- _Work to be completed_
Using only the entries below, output the lines starting at the one containing "Fullfør stilen din" and ending at the one containing "November 9th: In", exactly and inclusive of both, omitting the pictures.

[Source records Boundary: Start]

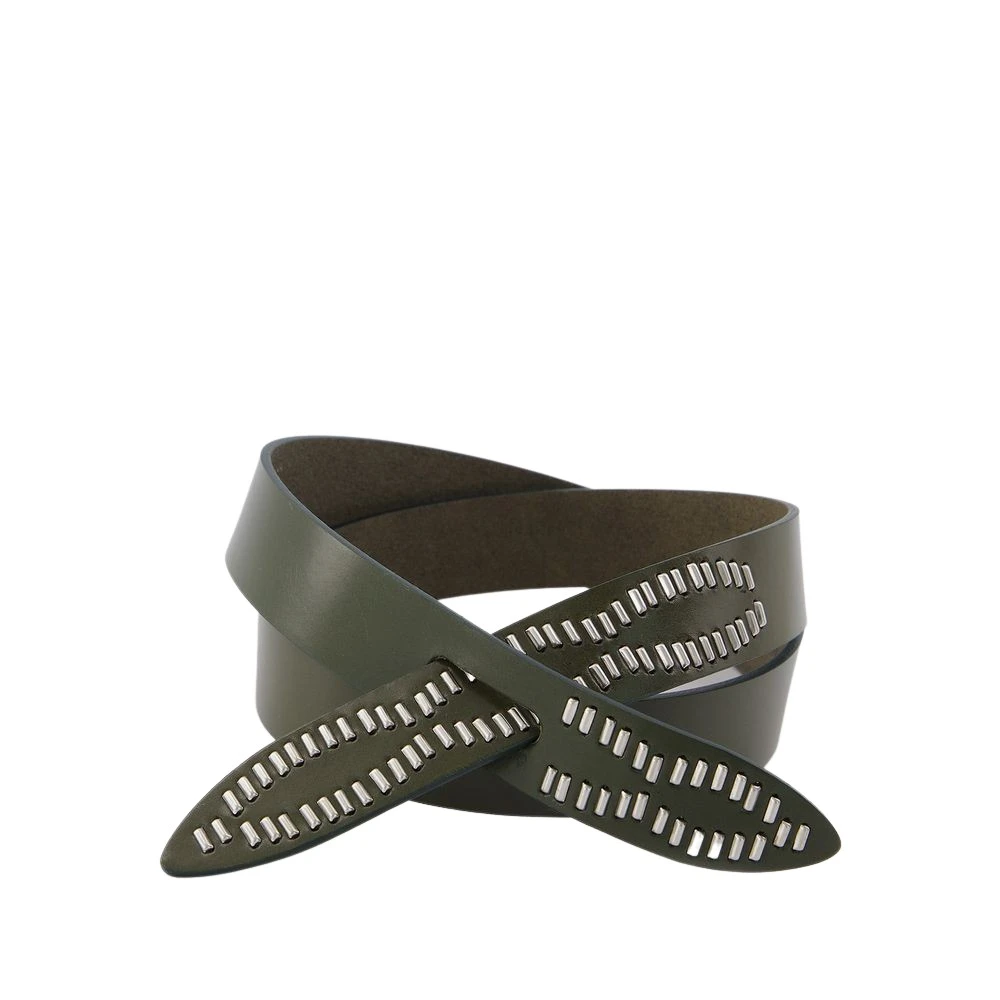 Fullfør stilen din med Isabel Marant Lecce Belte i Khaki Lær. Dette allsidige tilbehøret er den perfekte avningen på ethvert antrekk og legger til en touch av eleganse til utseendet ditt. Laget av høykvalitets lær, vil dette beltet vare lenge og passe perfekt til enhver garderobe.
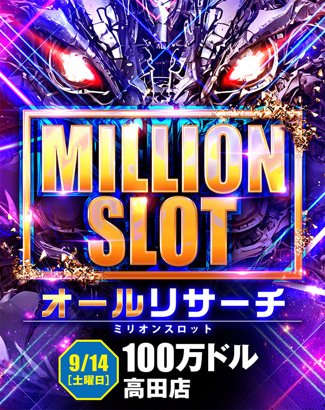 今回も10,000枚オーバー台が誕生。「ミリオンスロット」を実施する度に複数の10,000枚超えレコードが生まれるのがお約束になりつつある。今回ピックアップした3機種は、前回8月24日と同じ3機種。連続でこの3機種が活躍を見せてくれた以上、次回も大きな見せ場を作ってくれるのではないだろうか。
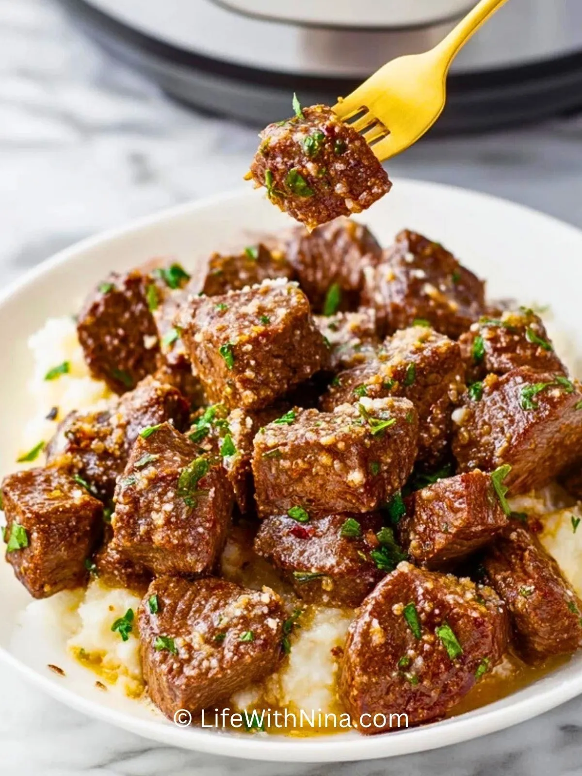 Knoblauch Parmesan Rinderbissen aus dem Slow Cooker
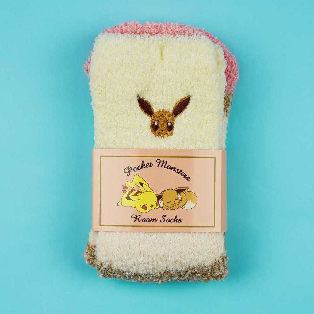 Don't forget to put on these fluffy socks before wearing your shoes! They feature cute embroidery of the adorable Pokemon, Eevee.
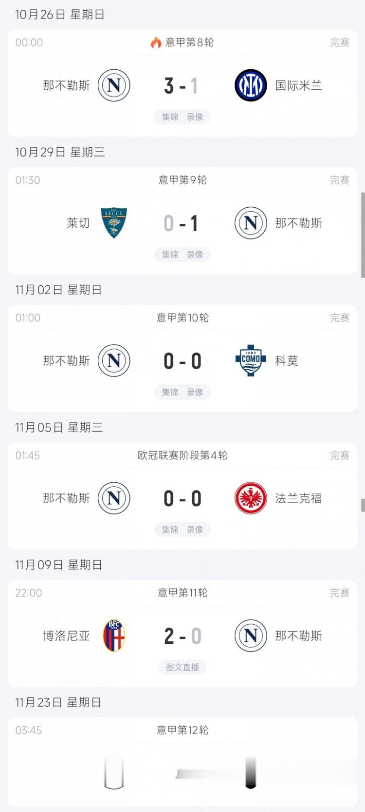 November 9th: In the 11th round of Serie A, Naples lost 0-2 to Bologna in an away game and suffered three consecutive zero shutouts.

[Source records Boundary: End]
[Source records Boundary: Start]

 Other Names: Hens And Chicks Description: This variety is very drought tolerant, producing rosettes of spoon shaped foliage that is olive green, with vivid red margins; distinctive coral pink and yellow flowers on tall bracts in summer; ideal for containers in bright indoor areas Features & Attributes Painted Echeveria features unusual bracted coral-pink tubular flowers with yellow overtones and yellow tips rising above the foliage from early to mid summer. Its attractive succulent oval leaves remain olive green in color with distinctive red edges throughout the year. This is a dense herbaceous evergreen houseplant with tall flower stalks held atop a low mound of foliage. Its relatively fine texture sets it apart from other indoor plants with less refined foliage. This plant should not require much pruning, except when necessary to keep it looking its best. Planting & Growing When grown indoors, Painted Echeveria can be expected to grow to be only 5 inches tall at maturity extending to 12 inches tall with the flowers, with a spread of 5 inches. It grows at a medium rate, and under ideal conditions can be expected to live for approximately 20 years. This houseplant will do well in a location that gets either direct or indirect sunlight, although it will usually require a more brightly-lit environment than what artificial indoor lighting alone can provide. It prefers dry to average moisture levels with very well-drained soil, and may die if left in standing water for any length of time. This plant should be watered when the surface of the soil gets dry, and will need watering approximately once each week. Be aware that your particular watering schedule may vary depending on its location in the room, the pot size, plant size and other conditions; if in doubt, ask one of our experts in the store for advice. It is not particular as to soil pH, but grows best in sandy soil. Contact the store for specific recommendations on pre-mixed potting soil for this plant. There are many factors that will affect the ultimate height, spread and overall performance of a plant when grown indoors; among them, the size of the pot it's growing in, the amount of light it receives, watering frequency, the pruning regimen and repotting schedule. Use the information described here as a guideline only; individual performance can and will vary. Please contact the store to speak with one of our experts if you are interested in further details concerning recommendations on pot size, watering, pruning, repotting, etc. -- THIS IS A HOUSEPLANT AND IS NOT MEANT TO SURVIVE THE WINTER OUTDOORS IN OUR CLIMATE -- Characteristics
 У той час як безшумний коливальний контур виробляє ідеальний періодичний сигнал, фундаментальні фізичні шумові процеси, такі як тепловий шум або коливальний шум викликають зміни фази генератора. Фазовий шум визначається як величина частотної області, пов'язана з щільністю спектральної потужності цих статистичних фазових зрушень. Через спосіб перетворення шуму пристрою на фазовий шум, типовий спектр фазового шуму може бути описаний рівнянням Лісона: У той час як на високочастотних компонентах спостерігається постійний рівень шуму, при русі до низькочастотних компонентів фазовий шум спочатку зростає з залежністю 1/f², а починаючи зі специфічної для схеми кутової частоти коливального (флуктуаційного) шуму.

[Source records Boundary: End]
[Source records Boundary: Start]

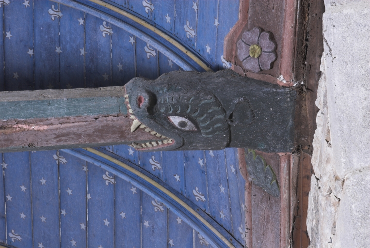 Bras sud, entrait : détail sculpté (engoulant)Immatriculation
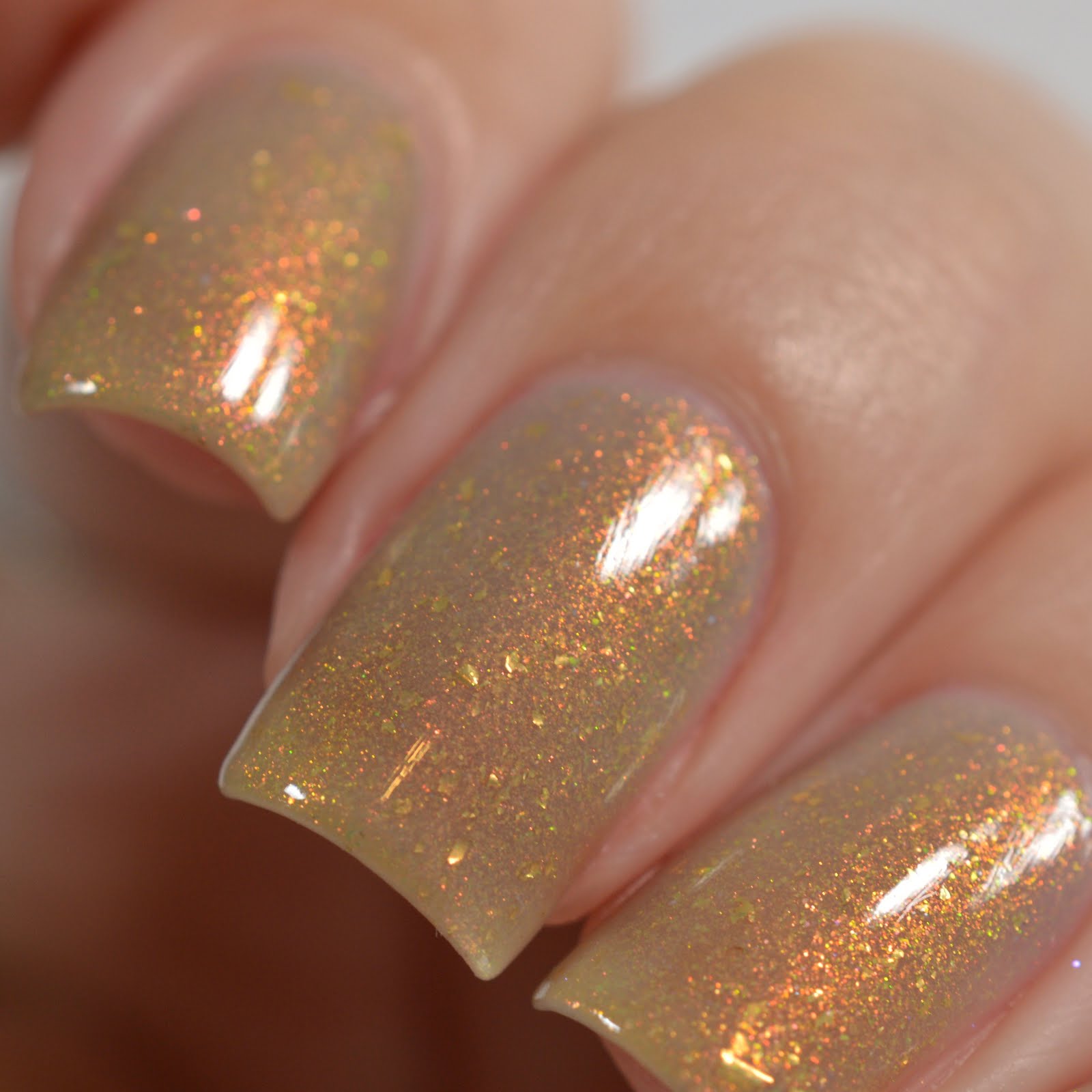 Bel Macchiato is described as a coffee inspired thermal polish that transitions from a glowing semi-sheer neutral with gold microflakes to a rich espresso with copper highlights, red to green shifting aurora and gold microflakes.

[Source records Boundary: End]

- _The answer_
 Fullfør stilen din med Isabel Marant Lecce Belte i Khaki Lær. Dette allsidige tilbehøret er den perfekte avningen på ethvert antrekk og legger til en touch av eleganse til utseendet ditt. Laget av høykvalitets lær, vil dette beltet vare lenge og passe perfekt til enhver garderobe.
 今回も10,000枚オーバー台が誕生。「ミリオンスロット」を実施する度に複数の10,000枚超えレコードが生まれるのがお約束になりつつある。今回ピックアップした3機種は、前回8月24日と同じ3機種。連続でこの3機種が活躍を見せてくれた以上、次回も大きな見せ場を作ってくれるのではないだろうか。
 Knoblauch Parmesan Rinderbissen aus dem Slow Cooker
 Don't forget to put on these fluffy socks before wearing your shoes! They feature cute embroidery of the adorable Pokemon, Eevee.
 November 9th: In the 11th round of Serie A, Naples lost 0-2 to Bologna in an away game and suffered three consecutive zero shutouts.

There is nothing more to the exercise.